Open sivabudh opened this issue 9 years ago • 6 comments

Is there a way to programmatically create more workers at run-time? When the work finishes the job, it simply dies. In this way, I can minimize the amount of jobs waiting in the queue.

sivabudh avatar Apr 07 '16 13:04 sivabudh

Yes you can. But because you want the worker to die, you'll have to start

  • an all-time running worker using the rq worker command and
  • on demand workers by saving the following code in some file, say on_demand_workers.py and then calling $ python on_demand_workers.py

Both of the command should ideally be run under a task monitor (supervisor or circus)

#!/usr/bin/python3

import sys
import time
from rq import Connection, Worker
from redis import Redis

redis = Redis(host='localhost')

def need_burst_workers():
    # check database or redis key to determine whether burst worker army is required
    return True #boolean

def num_burst_workers_needed():
    # check the number, maybe divide the number of pending tasks by n
    return 10 #integer

def main(qs):
    with Connection(connection=redis):
        if need_burst_workers():
            [Worker(qs).work(burst=True) for i in range(num_burst_workers_needed())]
        else:
            time.sleep(10) #in seconds

if __name__ == '__main__':
    qs = sys.argv[1:] or ['default']
    main(qs)

Hope this helps.
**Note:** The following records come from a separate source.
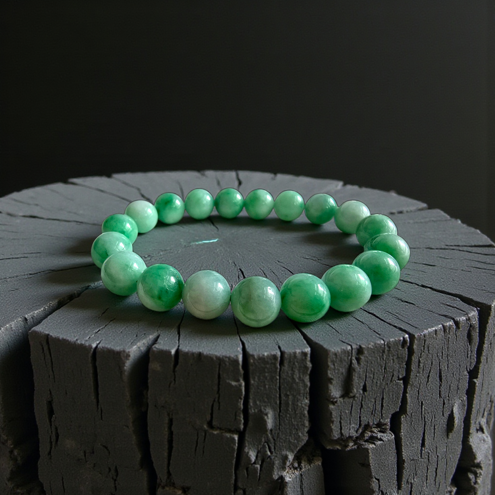 Completely untreated and 100% natural, this is a great accompaniment to formal and casual settings alike. Each beaded-bracelet is one-of-a-kind, based on the natural variances of the raw jadeite, ensuring each one is truly unique and has its own story.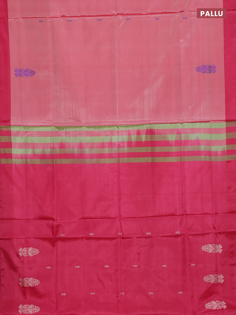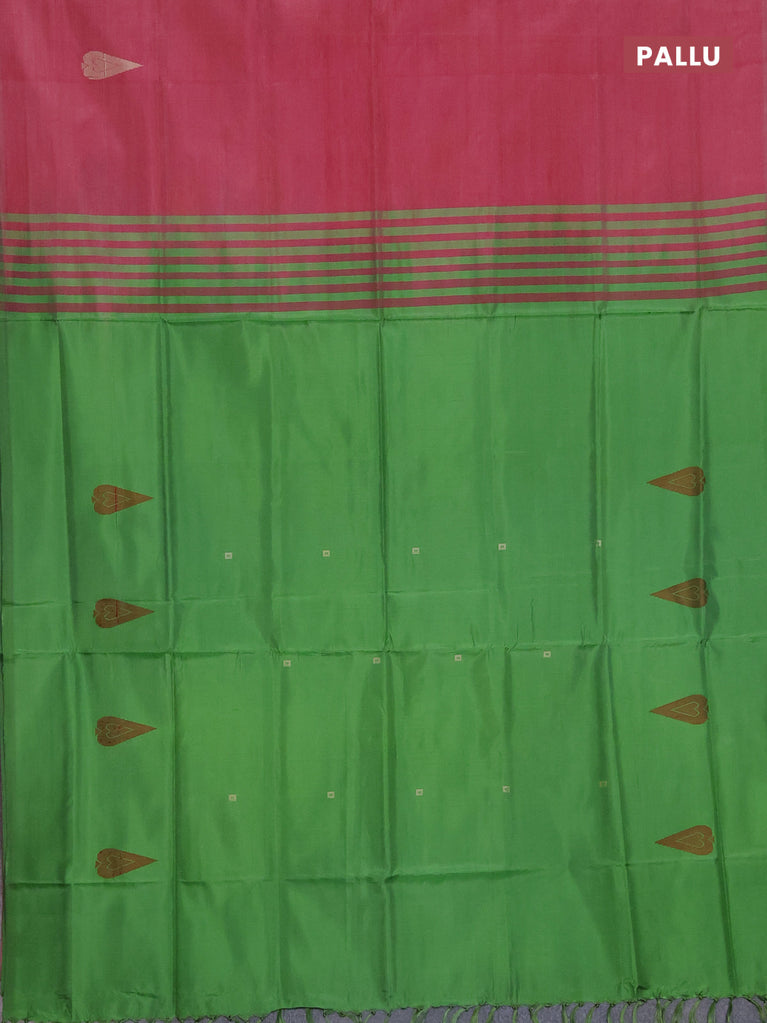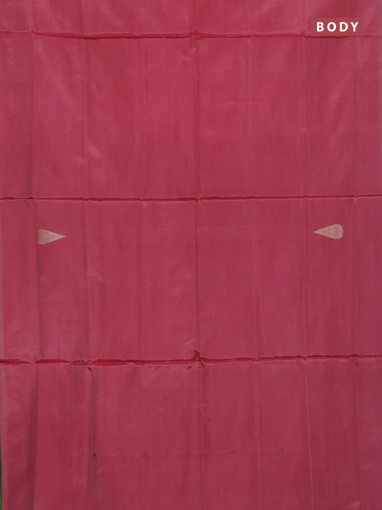 Banana pith saree peach pink and sap green with thread woven buttas in borderless style
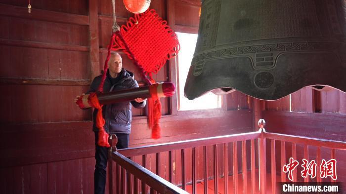 春節(jié)期間,英國游客威廉在寧波保國寺敲鐘祈福。 朱海升 攝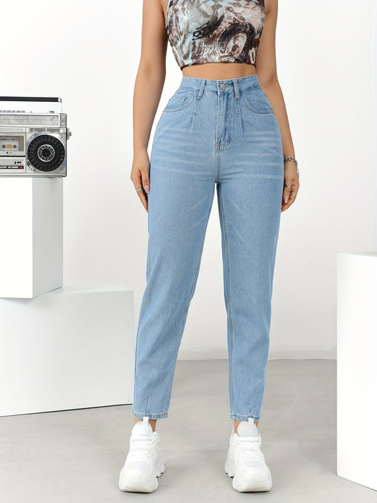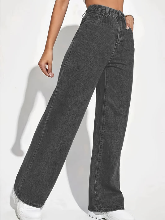 1 հատ Կանացի բարձր ձգվող բամբակյա լայն ոտքերի ջինս, պատահական լվացված միագույն ջինս, հյուսված գործվածք, բազմակողմանի գարուն/ամառ/աշուն - DXK1005BF861K

Thank you.

shivekkhurana avatar Aug 23 '16 06:08 shivekkhurana

Worker.work is blocking call. This code creates ten workers sequentially. Wrap work method call into multiprocessing at least.
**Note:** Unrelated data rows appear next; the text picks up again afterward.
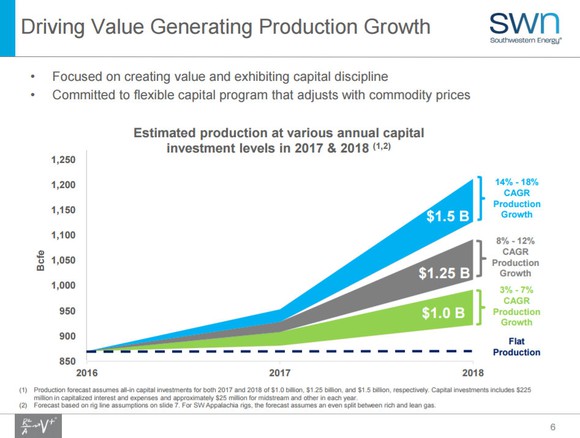 The high-end represents a robust growth rate for a company of its size. For perspective, the nation's second-largest gas producer, Chesapeake Energy (CHK +0.00%), sees its output rising 5% to 15% annually through 2020. Meanwhile, smaller rival Antero Resources expects to grow 20% to 25% this year, while delivering 20% to 22% annual growth from 2018 to 2020. However, that is off a lower production base of roughly 657 billions of cubic feet equivalent compared to 870 billions of cubic feet equivalent for Southwestern.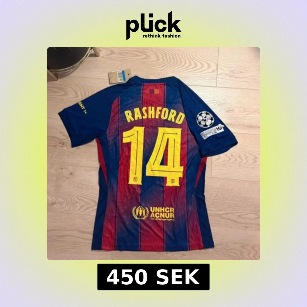 Säljer en officiell FC Barcelona fotbollströja från Nike i storlek M med Rashford och nummer 14 på ryggen. Tröjan har klassiska blå och röda vertikala ränder, gula detaljer och Champions League-märke på ärmen. Materialet är lätt och andas, perfekt för match eller träning.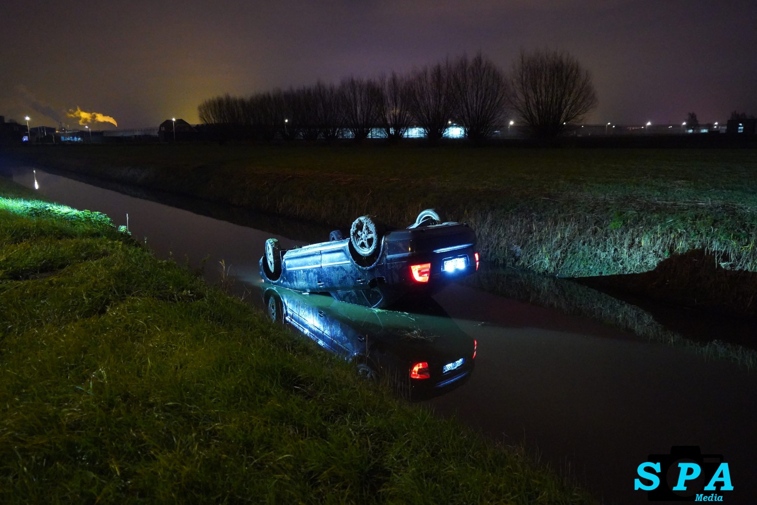 Bij aankomst bleek een auto op zijn kop in een sloot te liggen. De sloot was niet diep en de bestuurder wist op eigen kracht uit het voertuig te komen. Volgens de politie heeft de Poolse bestuurder de bocht gemist en is hij rechtdoor de sloot ingereden.
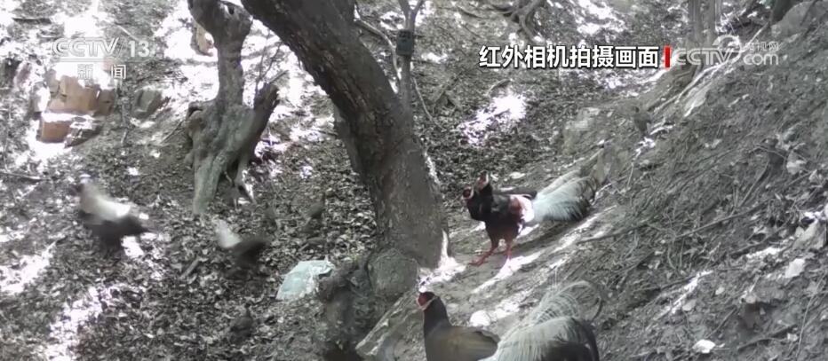 近日,在山西呂梁的孝義市國有林場,紅外相機記錄到國家一級保護野生動物褐馬雞最大種群。畫面中,先是兩群褐馬雞在兩棵老樹下覓食玩耍,兩個樹洞內積有雨水,它們不斷地前往飲水補給。突然,一只落單的成年褐馬雞入侵,遭到領地一只雄性褐馬雞的追逐驅趕。不同角度的紅外相機還捕捉到褐馬雞好奇對視相機、幼崽上樹打鬧等趣味十足的珍貴影像。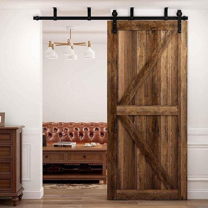 Mainly suitable for opening don't have enough beam space to mount track. Suitable for door thickness: 1 1/4"-1 7/8", Weight capacity: 220lb per door. The length from top of the door to the ceiling is 6.02". Smoothly&Quietly, Color: black. Hanger Material: carbon steel with premium nylon wheels, smooth and no noise when sliding your door. Package includes all needed accessories. Easy to install with step-by-step detailed instructions.
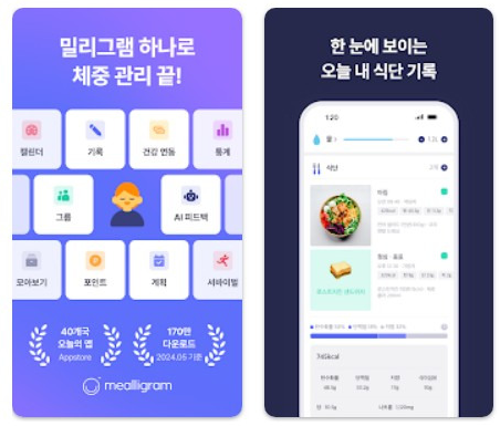 2. 식단 기록 칼로리 계산기 앱: 밀리그램

proofit404 avatar Aug 23 '16 07:08 proofit404

@proofit404 : I didn't realize this while answering. Thanks for pointing this out.

The updated __name__ == '__main__' block is :

import multiprocessing

def main(qs):
    with Connection(connection=redis):
        if need_burst_workers():
            [multiprocessing.Process(target=Worker(qs).work, kwargs={'burst': True}).start() for i in range(num_burst_workers_needed())]
        else:
            time.sleep(10) #in seconds

Update 0 : Using for loop instead of a list comprehension, as suggested by @proofit404 :

import multiprocessing

def main(qs):
    with Connection(connection=redis):
        if need_burst_workers():
            for i in range(num_burst_workers_needed()):
                multiprocessing.Process(target=Worker(qs).work, kwargs={'burst': True}).start()
        else:
            time.sleep(10) #in seconds

Source : Stack Overflow

shivekkhurana avatar Aug 23 '16 08:08 shivekkhurana

@shivekkhurana looks correct.

I prefer to use for loops to perform actions (like process creation) and list comprehensions for data structures. So for this case I suggest you to use for loop.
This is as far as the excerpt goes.